Patrząc na statystykę rynku oleistych można powiedzieć, że kwiecień jest miesiącem canoli. Wczoraj jej notowania wzrosły po raz ósmy z rzędu, a na dwanaście kwietniowych sesji tylko jedna zakończyła się spadkiem ceny. W tym czasie notowania podniosły się o 6,6 proc. W tym czasie rzepak na Matif podrożał o 0,5 proc., a amerykańska soja o 0,4 proc.

Notowania canoli rosną pomimo oczekiwań wzrostu areału zasiewów w nadchodzącym sezonie. Według ankiety Reutersa zakres oczekiwań analityków wynosi 19,5- 22,5 mln akrów przy średniej 21,3 mln akrów- było by to o 4,58 proc. więcej niż przed rokiem. Oficjalne szacunki zasiewów poda w najbliższy piątek kanadyjski urząd statystyczny (Stats Canada).

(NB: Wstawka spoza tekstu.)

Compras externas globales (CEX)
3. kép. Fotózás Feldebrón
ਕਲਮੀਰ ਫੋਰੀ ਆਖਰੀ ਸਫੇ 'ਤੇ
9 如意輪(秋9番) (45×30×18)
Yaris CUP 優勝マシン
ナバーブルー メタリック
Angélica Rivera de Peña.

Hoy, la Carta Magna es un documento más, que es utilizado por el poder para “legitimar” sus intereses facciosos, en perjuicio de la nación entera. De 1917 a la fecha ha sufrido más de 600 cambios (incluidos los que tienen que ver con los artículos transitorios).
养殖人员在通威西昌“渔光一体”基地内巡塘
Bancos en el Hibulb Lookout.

Bardzo słabo w ostatnim czasie prezentują się notowania oleju palmowego na giełdzie w Kuala Lumpur. Cena od szczytu wyznaczonego na początku lutego br. spadła już prawie 22 proc. i jest najniższa od sierpnia 2016 r.

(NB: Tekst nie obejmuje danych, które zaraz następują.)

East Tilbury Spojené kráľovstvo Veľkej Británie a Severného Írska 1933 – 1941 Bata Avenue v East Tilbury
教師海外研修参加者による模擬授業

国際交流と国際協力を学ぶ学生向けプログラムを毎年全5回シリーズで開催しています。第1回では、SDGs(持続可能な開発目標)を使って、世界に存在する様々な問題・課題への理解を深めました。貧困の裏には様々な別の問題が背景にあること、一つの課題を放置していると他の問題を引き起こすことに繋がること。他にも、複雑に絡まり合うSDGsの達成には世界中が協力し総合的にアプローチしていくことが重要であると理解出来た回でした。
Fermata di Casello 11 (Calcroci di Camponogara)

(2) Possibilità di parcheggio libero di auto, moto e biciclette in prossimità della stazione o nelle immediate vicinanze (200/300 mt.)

Wczoraj mocno (o ponad 3 proc.) potaniała ropa na światowych giełdach. Jej ceny ponownie zbliżają się do 50 USD za baryłkę (WTI- ok. 51 USD, Brent- ok. 53 USD). Przypomnę, że ok. 60 proc. rzepaku w UE przerabiane jest na biopaliwa. W tej sytuacji wczorajszy spadek ceny o 0,3 proc. nie powinien dziwić.

Rzepak Matif, kontrakt majowy- cena spadła o 0,32 proc. (395,25 euro/t- 1676 zł/t).

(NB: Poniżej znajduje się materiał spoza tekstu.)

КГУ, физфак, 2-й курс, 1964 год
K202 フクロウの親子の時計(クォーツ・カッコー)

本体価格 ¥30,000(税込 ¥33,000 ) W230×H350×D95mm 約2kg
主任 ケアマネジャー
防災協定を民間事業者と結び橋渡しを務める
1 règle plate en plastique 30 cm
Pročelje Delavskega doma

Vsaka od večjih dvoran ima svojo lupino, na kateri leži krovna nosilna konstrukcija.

Notowania majowych kontraktów terminowych na rzepak wyrażone w złotych przedstawia poniższy wykres:

Na poniższym wykresie kontynuacyjnym kontraktów na rzepak notowanych na Matif dominuje długoterminowy trend wzrostowy, średnioterminowy jest wzrostowy i krótkoterminowy spadkowy.

Soja CBOT, kontrakt majowy- cena wzrosła o 0,45 proc. (349,15 USD/t- 1382 zł/t).

Na giełdzie w Chicago na soi dominuje trend spadkowy- długoterminowy, średnioterminowy jest wzrostowy, krótkoterminowy spadkowy.

Canola WCE, kontrakt majowy- cena wzrosła o 0,84 proc. (516,50 CAD/t- 1523 zł/t).

W Winnipeg na canoli dominuje długoterminowy trend wzrostowy, średnioterminowy wzrostowy i krótkoterminowy spadkowy.